Xenotilapia burtoni
- Conservation status: Endangered (IUCN 3.1)

Scientific classification
- Kingdom: Animalia
- Phylum: Chordata
- Class: Actinopterygii
- Division: Teleostei
- Order: Cichliformes
- Family: Cichlidae
- Genus: Xenotilapia
- Species: X. burtoni
- Binomial name: Xenotilapia burtoni Poll, 1951
- Synonyms: Xenotilapia longispinis burtoni Poll, 1951;

= Xenotilapia burtoni =

- Authority: Poll, 1951
- Conservation status: EN
- Synonyms: Xenotilapia longispinis burtoni Poll, 1951

Species of fish

Xenotilapia burtoni is a species of cichlid endemic to Burton Bay in Lake Tanganyika, Democratic Republic of the Congo. It is the only Xenotilapia species restricted to a single bay in the lake, and is classified as endangered due to its extremely limited range and ongoing habitat degradation.

== Taxonomy ==
The species was first described by the Belgian ichthyologist Max Poll in 1951 as Xenotilapia longispinis burtoni, a subspecies of Xenotilapia longispinis, based on specimens collected from Burton Bay during the 1946–1947 hydrobiological exploration of Lake Tanganyika. It was subsequently elevated to full species status. The specific name burtoni refers to Burton Bay, the type locality of the species; the bay itself is named after the British explorer Richard Francis Burton, who reached Lake Tanganyika in 1858.

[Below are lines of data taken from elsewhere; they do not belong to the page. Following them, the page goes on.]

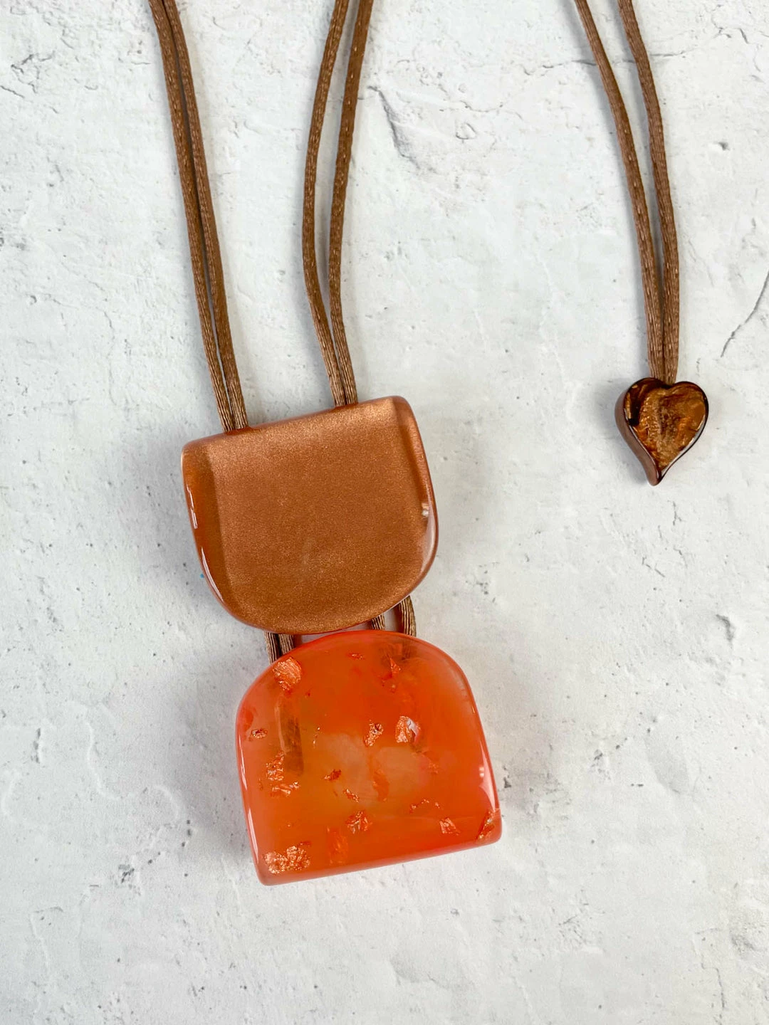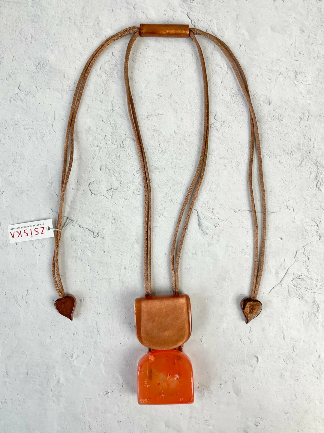 Zsiska Ava 2 Bead Pendant Necklace, Orange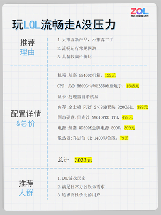 LOL作为一款受众广泛的MOBA竞技游戏,对主机的配置要求并不高,目前的主流核心显示器可以满足流畅运行的需求。在AMD瑞龙55600G的基础上,笔者3000元主机配置,同时采用了高功率的电源,可以满足玩家增加入门级游戏图形卡的供电要求。想省钱的朋友可以参考一下。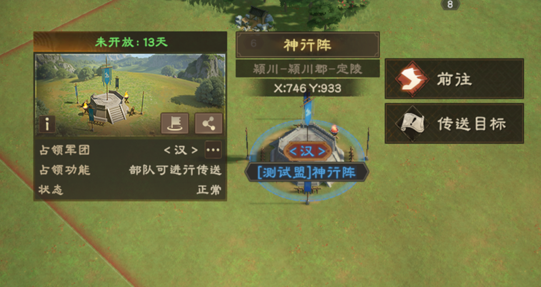 ● 神行陣位置:二級(jí)資源州的州府附近,軍團(tuán)任意同盟在神行陣所在領(lǐng)土上建造了官署或府城,即視為占領(lǐng);

Xenotilapia burtoni belongs to the tribe Ectodini, a diverse lineage of Lake Tanganyika cichlids that includes both sand-dwelling and rock-dwelling species. Phylogenetic analyses place Xenotilapia within a benthic clade alongside the genera Asprotilapia, Enantiopus, and Microdontochromis.

== Description ==
Xenotilapia burtoni can reach a maximum total length of 17.7 cm. Like other members of its genus, it has a streamlined body and a somewhat pointed snout adapted for sifting through substrate.

== Distribution and habitat ==
The species is known only from its type locality, Burton Bay, on the western (Congolese) shore of Lake Tanganyika. It inhabits sandy and muddy bottoms at an average depth of around 10 m, though specimens have been collected as deep as 40 m. It is considered rare within this already limited range.

== Ecology ==
Xenotilapia burtoni is a demersal species that forms schools over sandy or silty substrates. It feeds primarily on insect larvae and small crustaceans, sifting mouthfuls of sediment to extract prey. Remnants of ostracods and shells have also been found in its diet.

== Conservation ==
Xenotilapia burtoni was assessed as Vulnerable under criterion D2 by the IUCN in 2006, reflecting its restriction to a single location. It was reassessed in 2025 and upgraded to Endangered under criterion B1ab(iii), which reflects a continuing decline in the quality of its habitat. The principal threats are sedimentation, water pollution, and habitat disturbance within Burton Bay. No specific conservation measures are currently in place for this species.

== In the aquarium ==
The species is occasionally available in the aquarium trade.